Xamarin Platform functions
If we want to use in our application functionalities that are implemented differently on a given platform, such as access to a file system, camera, location, etc., they must be handled appropriately on each platform separately. There are, of course, libraries and plugins, such as Xamarin. Essentials, which support most platform functions, but many of these functions need to be handled by themselves, such as notification support or integration with Facebook. There is a mechanism with Xamarin Forms called DependencyService that allows you to use these functions from a shared project. In Xamarin Native, there is no such built-in mechanism, and to be able to use it, it is best to use ready-made libraries that add this mechanism to our application.
In which cases should you choose Xamarin Native and in which Xamarin Forms?

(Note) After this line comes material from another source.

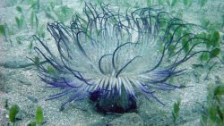 ムラサキハナギンチャクは、紫色の触手がとても美しいイソギンチャクです。ふわふわと揺れる姿はまるで花のようですね。

If the app is to have sophisticated or suitably adapted views for a given platform, use many native functionalities that are not available for both platforms or contain complex animations, I would recommend using Xamarin Native. However, if the application is not very complicated, we have a smaller budget, and we want to release the mobile apps quickly, then I would use Xamarin Forms. Of course, you can use Xamarin Forms to make a beautiful and large application, but in my opinion, it will take more time and will cost more than when we use Xamarin Native. It is also worth remembering that applications created in Xamarin Forms take up more space and are slightly slower than those written natively.
Is it easy to start programming with Xamarin? Forms if you are an experienced Xamarin Native developer.
This is not a complicated process. First of all, you need to learn how to create views in XAML. If someone has ever dealt with the Windows Presentation Presentation or Universal Windows Platform, then there will be no significant problem in creating UI in Xamarin.Forms. Writing applications in Xamarin Forms are different from what Xamarin Native allows. However, I used Microsoft Xamarin with the xamarin MvvmCross framework for most projects, which will enable us to use mechanics such as DI (dependency injection), IoC (inversion of control) ) and much more, so some of the Forms techniques were much easier for me to learn. The only thing I had to learn so from the beginning was mechanics available only in Xamarin. Forms such as custom renderers, effects, etc., although they may seem complicated at first when you get to know them, they are not at all so terrible, but this is probably the case with learning every other thing.
To sum up the article and knowledge above. It remains to ask the question, “Is it worth it?” In my opinion, yes, although I would not recommend that you switch entirely to Xamarin.Forms because although both approaches have both their advantages and disadvantages because each application and the resources that we have at its disposal are different, it is worth knowing the different approaches that we can use and select them according to the needs of the application, client, or own.